We looked for the market. All we saw was one tent, but there were women in long skirts heading from a building there. A sign said "Coffee and cakes", and since there was not much coffee in general during medieval times, we walked around looking for the market. We checked the church - chock full of families getting out of the rain, and some wall paintings including a nice little devil in the back - no market. We found the medieval toilets (outhouses) and then continued on.

There was just the tent. So we went in.

There were 5 stands.

  1. She was selling woven rugs and saffron cakes in baggies. Nothing medieval here.
  2. An old couple was selling wooden trinkets. Lots of modern stuff like a brick-a-brack rack. Or did they use egg cups in Medieval times? At least he looked good in his costume.
  3. A potter selling some okay-looking modern pots.
  4. A lady selling stones she had glued fossils and shells onto with some tiny cloth flowers for decoration. I suppose she used medieval glue. She explained to us what each of the fossils was. Maybe.
  5. A guy selling ice cream - from an electrically powered ice chest.

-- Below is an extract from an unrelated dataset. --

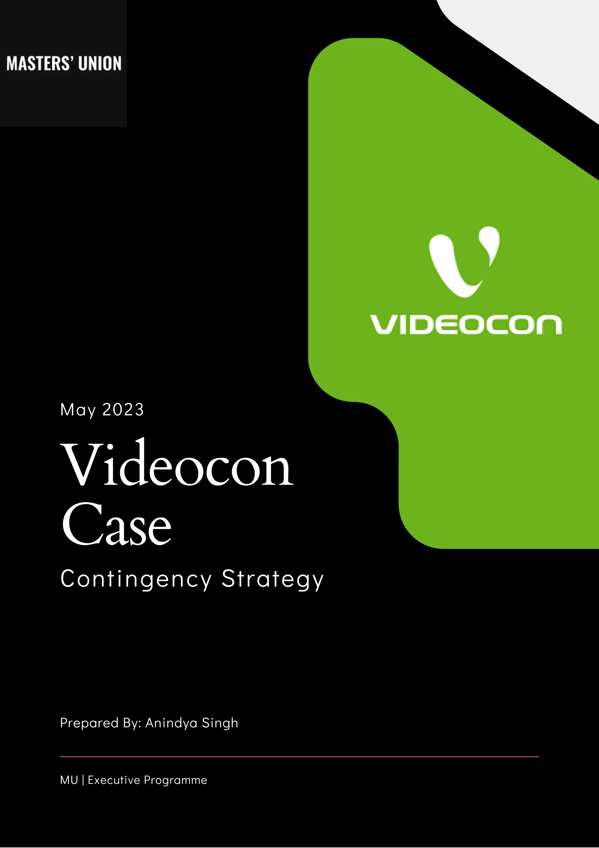 The document outlines a contingency strategy for Videocon Industries, detailing the company's decline due to reckless diversification, high debt, and competition. As the newly appointed CEO, Anindya Singh presents a turnaround plan focusing on divesting non-core businesses, digital transformation, and workforce optimization to boost profitability within a year. The financial plan estimates the transformation will require approximately INR 11 crore and emphasizes the importance of avoiding further debt while enhancing customer engagement and operational efficiency.

We dashed through the rain into the building for coffee. Two more women wearing medieval costumes, selling juice and coffee and nice cakes. Did they have almonds on Gotland in medieval times? The walls were lined with the same woven rugs and wooden stuff, and some wollen socks and shawls and pulse warmers, all for sale.

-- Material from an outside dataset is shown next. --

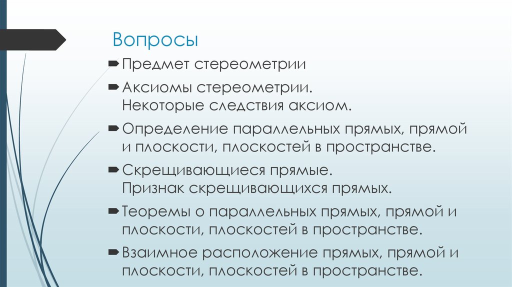 ВопросыПредмет стереометрии

I think the town name is misspelled. It should be Lie. Medieval Lie.

We sent an SMS to the other car, which was planning on taking in 20 churches and then meeting us at the market, that we were heading for the ceramics factory. We got tickets, stood in line there for 40 minutes, and both Teenies and I made ourselves nice little pots on the pottery wheel and got ourselves dirty with clay top to toe.

The cultural car caught up with us and dragged us through two more rainy natural highlights before everyone gave up in disgust and went home for cakes and coffee. Non-medieval.